Every entry = a donation from me to Women for Girls, to help empower girls to change the world.  ENTER NOW!

And you can find out more about Julie Daley here, and follow her on Twitter here.  Isn’t she divine!

4 Responses

  1. Great to here you talk Julie! I liked what you said about forgiveness. I am not sure I totally agree that forgiveness is a “power over.” But I do think that maybe forgiveness toward someone who has done a horrible thing to us can be giving up one’s power. I think as women we tend more toward forgiveness than we should. Sometimes we have experienced something that someone has done that we would have more of our own power if we were just mad and walked away. I agree that getting rid of the attachment to the “perpetrator” is super important. But isn’t it possible that we as women need to get in touch with healthy anger too? Sometimes forgiving someone inappropriate can be like apologizing for something we haven’t done. Curious to know what you think.

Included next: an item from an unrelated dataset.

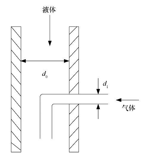 實(shí)驗(yàn)流程如圖1所示。來(lái)自注射泵的氣體通過(guò)充氣通道進(jìn)入噴嘴并在噴嘴內(nèi)形成氣泡,并與來(lái)自液體流量計(jì)的液體相混合形成氣液混合物。該氣液混合物離開(kāi)噴嘴后,在不穩(wěn)定波的作用下發(fā)生破裂,使用高速相機(jī)記錄這一過(guò)程,并使用開(kāi)源軟件ImageJ分析處理得到的圖片。實(shí)驗(yàn)通過(guò)控制注入噴嘴的氣體流量從而得到不同液體射流速度下直徑近似相等的氣泡。實(shí)驗(yàn)使用的噴嘴如圖2所示。其中,噴嘴內(nèi)徑d 0=2.96 mm,充氣通道外徑d 1=0.50 mm。

  2. Thank you for your comment, Shelley. Yes, we absolutely must feel everything, including the anger and rage. In the example I spoke of, I’ve done much work to feel that rage and anger, to move all the way through it in order to feel the peace I spoke of. I tried to bypass it. That doesn’t work. Yes, sometimes we ‘forgive’ because it feels like something we should do. True forgiveness eventually frees everyone…at least that has been my experience. It doesn’t mean you have to have anything to do with that person, but ultimately when we feel everything there is to feel, we can arrive at a place of peace…that’s been my experience.

  3. Such an interesting conversation. There’s a surface level of forgiveness, I think, where we believe we have forgiven but actually haven’t touched the deeper parts of our experience. What you describe, Julie, of feeling all the emotions present until you reached a state of peace is where the power of real forgiveness lies. It seems to me that what you were saying was that being in a position to forgive or not forgive is a place of having “power over,” and that the underlying feeling of that is sometimes one of dominance or control. To truly forgive, to get to that place of peace you describe, is where we reclaim a more nourishing sort of power. A power that is sourced in love and benefits everyone. Was I understanding that correctly?